On November 23, 2021, Spectrum News 1 sat down with CalOx owner, Steve Yaeger, to discuss the supply chain issues affecting businesses. Yaeger has dedicated his life to maintaining the legacy of his small family business, CalOx, located in Atwater Village. Since 1936, CalOx has been providing food- and medical-grade gases like oxygen and liquid nitrogen to Southern California hospitals, clinics, businesses, and consumers. But in nearly a century of business, they have never experienced anything like the current supply chain shortages hitting the globe.
Even as the world works to move on from the pandemic, the effects of COVID-19 continue to be felt. The production of goods and services has been greatly reduced, and there aren’t enough warehouse workers or truck drivers to deliver the goods. These disruptions are driving up prices and leading to a growing shortage of everything from household goods to electronics to automobiles. Even with the increased need for oxygen that arose during the pandemic, these supply chain shortages have put tremendous strains on companies like CalOx.
Thanks to these shortages, the cost of equipment has gone up significantly for CalOx, with many parts needing to be airlifted from overseas. “People would say, ‘You guys must be making so much money.’ But, in fact, we’re probably about breaking even, if not losing money,” said Yaeger. “When a container goes from $2,000 to rent to get the product over from overseas up to $20,000, that cost is passed down to us, so our manufacturers are raising our costs.”
And unlike a restaurant or retail store, CalOx’s reimbursement is fixed by Medicare. That means they can’t adjust pricing and pass those costs on to their consumers. According to the Centers for Medicare & Medicaid Services, the CARES Act has mandated higher payments, but that hasn’t been enough for CalOx to break even. “The entire HME [home medical equipment] industry is in danger right now because our costs are going up and our reimbursement isn’t keeping pace with our increased costs,” Yaeger said.

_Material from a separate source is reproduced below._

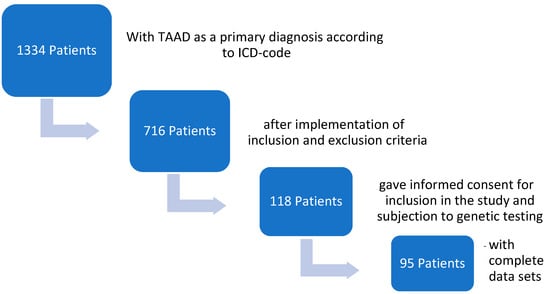 The primary diagnosis and treatment of the thoracic aortic pathology of 1334 patients were reviewed, and their primary data and patient records were screened. A total of 716 patients met the eligibility criteria. After contact, 118 patients consented to undergo genetic testing. Follow-up and human genetic data were missing for 23 patients; finally, 95 patients were enrolled in the study, as seen in Figure 1.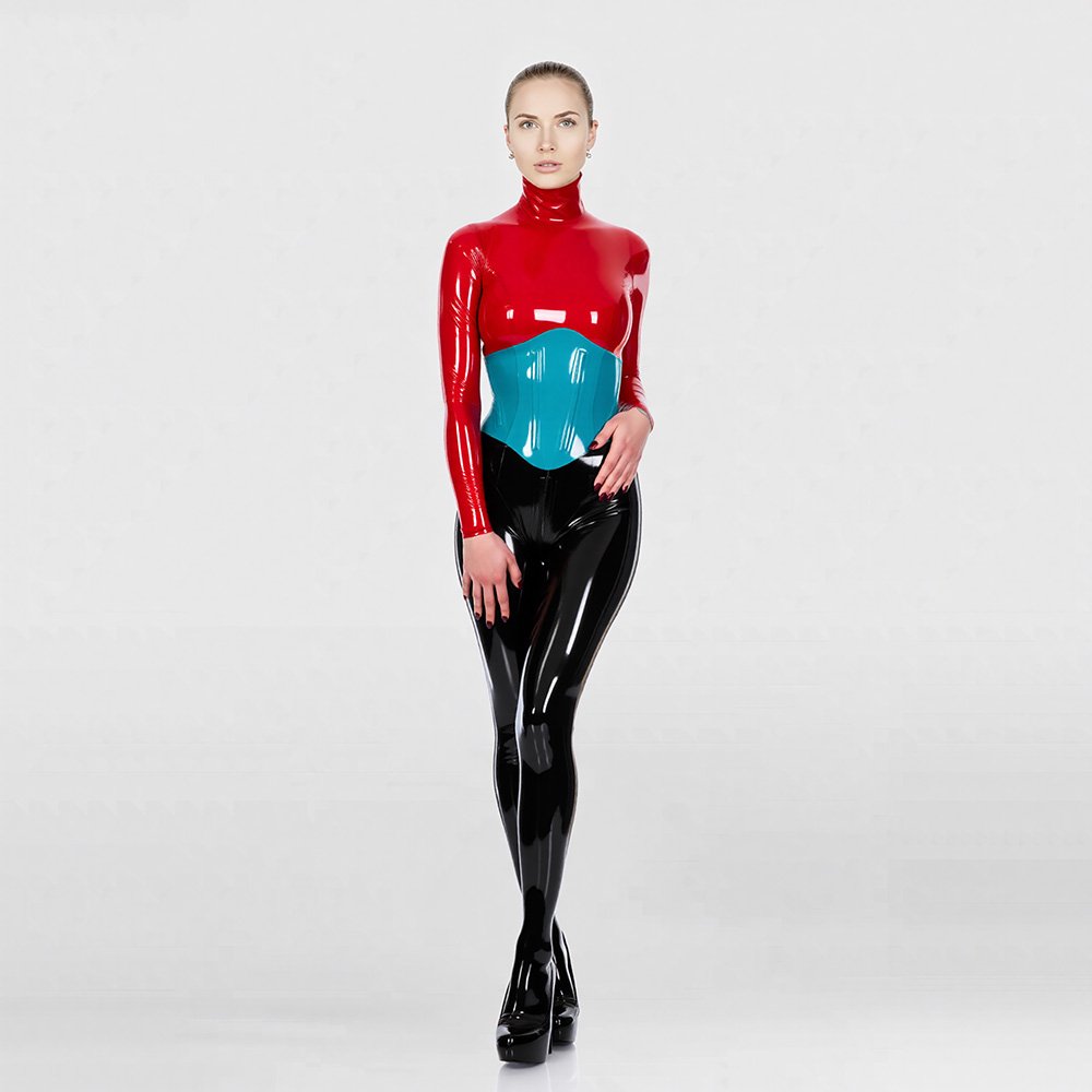 Latex Catsuit for Women – Tri-Color with Corset DetailPrice range: $346.50 through $360.00Select options

What’s worse is that these supply chain issues are likely to continue for another nine to 12 months. Disruptions to the supply chain at the pandemic’s onset took nearly a year to resolve. So while supply-chain experts say that the best option is to wait and start tapering demands for goods, that’s not a possibility for most small to mid-sized companies like CalOx. While most larger companies use their resources to get through the delays and bottlenecks, smaller companies are working to stay in business.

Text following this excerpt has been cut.